== Exercise goal ==
Only the lines below between the ones containing "像个小迷妹,高市早苗挽着特朗" and "مرايه مضيئه+كوب بتصميم حسب الطلب", inclusive, are to be reproduced, each exactly as it stands.

== Exercise data ==
+ + + + +

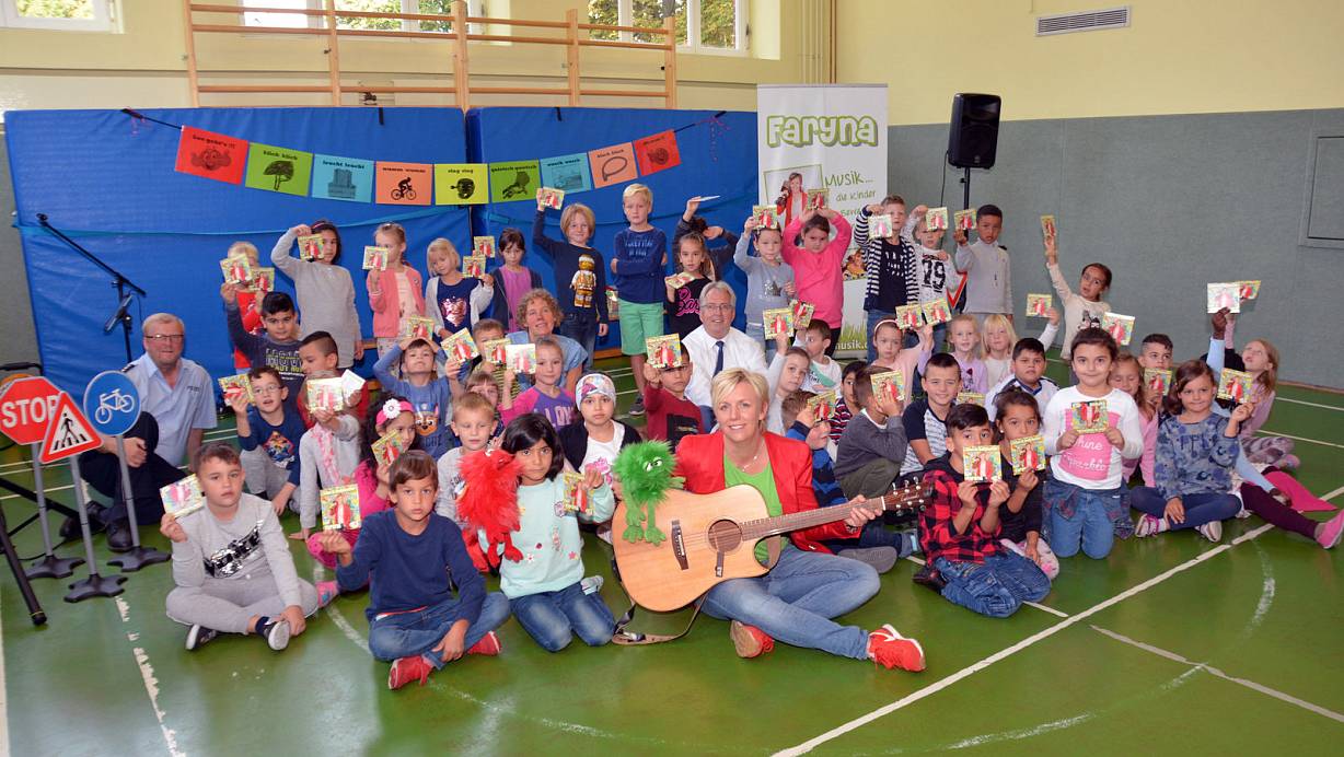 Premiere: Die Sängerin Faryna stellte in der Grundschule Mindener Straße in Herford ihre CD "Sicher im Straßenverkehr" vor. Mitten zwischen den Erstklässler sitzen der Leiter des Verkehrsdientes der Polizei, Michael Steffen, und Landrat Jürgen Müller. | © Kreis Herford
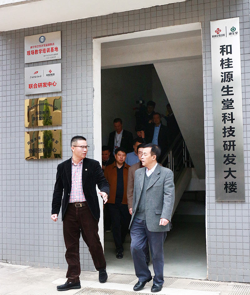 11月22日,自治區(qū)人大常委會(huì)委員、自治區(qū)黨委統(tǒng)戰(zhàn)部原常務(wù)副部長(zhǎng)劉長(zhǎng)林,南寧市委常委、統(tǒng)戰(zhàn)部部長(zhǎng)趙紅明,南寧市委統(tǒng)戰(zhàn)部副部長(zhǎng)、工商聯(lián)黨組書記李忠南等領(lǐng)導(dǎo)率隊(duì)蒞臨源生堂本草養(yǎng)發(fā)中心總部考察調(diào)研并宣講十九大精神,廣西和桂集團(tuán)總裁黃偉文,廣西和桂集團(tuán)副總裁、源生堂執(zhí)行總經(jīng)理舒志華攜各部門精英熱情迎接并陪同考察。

+ + + + +

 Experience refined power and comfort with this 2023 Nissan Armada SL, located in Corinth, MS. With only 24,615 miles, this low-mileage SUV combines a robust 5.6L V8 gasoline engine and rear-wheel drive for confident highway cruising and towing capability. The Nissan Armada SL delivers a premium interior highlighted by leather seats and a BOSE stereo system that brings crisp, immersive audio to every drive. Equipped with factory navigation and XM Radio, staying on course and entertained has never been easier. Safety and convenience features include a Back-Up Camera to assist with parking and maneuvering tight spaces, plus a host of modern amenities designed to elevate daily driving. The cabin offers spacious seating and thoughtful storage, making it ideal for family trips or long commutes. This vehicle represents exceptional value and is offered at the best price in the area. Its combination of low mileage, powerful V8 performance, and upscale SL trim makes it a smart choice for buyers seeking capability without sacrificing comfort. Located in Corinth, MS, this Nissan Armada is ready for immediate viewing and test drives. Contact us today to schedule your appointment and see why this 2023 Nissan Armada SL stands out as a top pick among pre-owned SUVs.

+ + + + +

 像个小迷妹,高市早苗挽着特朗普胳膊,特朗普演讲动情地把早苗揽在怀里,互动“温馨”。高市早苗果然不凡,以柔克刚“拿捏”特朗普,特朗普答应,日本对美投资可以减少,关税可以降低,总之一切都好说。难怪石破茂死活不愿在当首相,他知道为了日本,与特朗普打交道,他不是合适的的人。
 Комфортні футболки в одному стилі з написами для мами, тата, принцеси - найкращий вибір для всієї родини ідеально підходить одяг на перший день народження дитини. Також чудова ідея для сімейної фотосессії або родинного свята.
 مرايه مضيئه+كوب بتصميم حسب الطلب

+ + + + +

== Task result ==
 像个小迷妹,高市早苗挽着特朗普胳膊,特朗普演讲动情地把早苗揽在怀里,互动“温馨”。高市早苗果然不凡,以柔克刚“拿捏”特朗普,特朗普答应,日本对美投资可以减少,关税可以降低,总之一切都好说。难怪石破茂死活不愿在当首相,他知道为了日本,与特朗普打交道,他不是合适的的人。
 Комфортні футболки в одному стилі з написами для мами, тата, принцеси - найкращий вибір для всієї родини ідеально підходить одяг на перший день народження дитини. Також чудова ідея для сімейної фотосессії або родинного свята.
 مرايه مضيئه+كوب بتصميم حسب الطلب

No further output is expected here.